Reference is made to the opinion letter from Troutman Pepper Hamilton Sanders LLP dated December 23, 2022, and included as Exhibit 5.1 to the Registration Statement. We are delivering this supplemental opinion letter in connection with the prospectus supplement (the “Prospectus Supplement”) filed on August 28, 2025, by the Company with the Commission pursuant to Rule 424 under the Securities Act. The Prospectus Supplement relates to (i) the offering by the Company of up to an aggregate of 14,700,000 shares (the “Common Shares”) of the Company’s common stock, par value $0.001 per share (the “Common Stock”), and (ii) the registration of placement agent warrants (the “Placement Agent Warrants”) to purchase up to 514,500 shares of Common Stock (such shares issuable upon exercise of the Placement Agent Warrants, the “Placement Agent Warrant Shares”) to be issued to the placement agent pursuant to the Placement Agency Agreement (as defined below) covered by the Registration Statement.
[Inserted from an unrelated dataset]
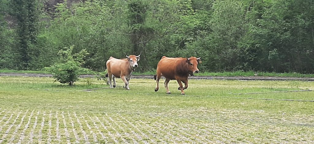 Die Wanderung die die Beiden machten war eindrucksvoll. Überall freilaufende Kühe, die muhten, mit ihren Glocken bimmelten und am schönsten, voller Lebensfreude über die Wiesen rannten.

The Shares and Placement Agent Warrants are being sold and issued pursuant to (i) a securities purchase agreement, dated as of August 27, 2025 (the “Securities Purchase Agreement”), by and among the Company and the purchasers signatory thereto (each, a “Purchaser” and, collectively, the “Purchasers”) and (ii) a placement agency agreement by and between the Company and the placement agent signatory thereto (the “Placement Agency Agreement”).

 

We have reviewed such documents and made such examination of law as we have deemed appropriate to give the opinions set forth below. We have relied, without independent verification, on certificates of public officials and, as to matters of fact material to the opinions set forth below, on certificates of officers of the Company.

 

 

 

 

Cognition Therapeutics, Inc.

August 28, 2025

Page 2

 

The opinions set forth below are limited to the Delaware General Corporation Law and, with respect to opinions paragraph 2, the law of the State of New York. Based on the foregoing, we are of the opinion that:

1.The Common Shares have been duly authorized and, when delivered and paid for in accordance with the terms of the Securities Purchase Agreement, will be validly issued, fully paid and non-assessable.

 

2.The Placement Agent Warrants have been duly authorized and executed by the Company and, when delivered in exchange for the consideration set forth in accordance with the terms of the Placement Agency Agreement, will be valid and binding obligations of the Company.

 

3.Assuming the Placement Agent Warrant Shares were issued today in accordance with the terms of the Placement Agent Warrants, they would be validly issued, fully paid and non-assessable.

 

The opinions expressed above are subject to bankruptcy, insolvency, fraudulent transfers, reorganization, moratorium and other similar laws of general application affecting the rights and remedies of creditors and to general principles of equity.

 

This opinion letter and the opinion it contains shall be interpreted in accordance with the Core Opinion Principles as published in 74 Business Lawyer 815 (Summer 2019).

 

We hereby consent to the inclusion of this opinion as Exhibit 5.1 to the Registration Statement and to the references to our firm under the caption “Legal Matters” in the Registration Statement. In giving our consent, we do not admit that we are in the category of persons whose consent is required under Section 7 of the Securities Act or the rules and regulations thereunder.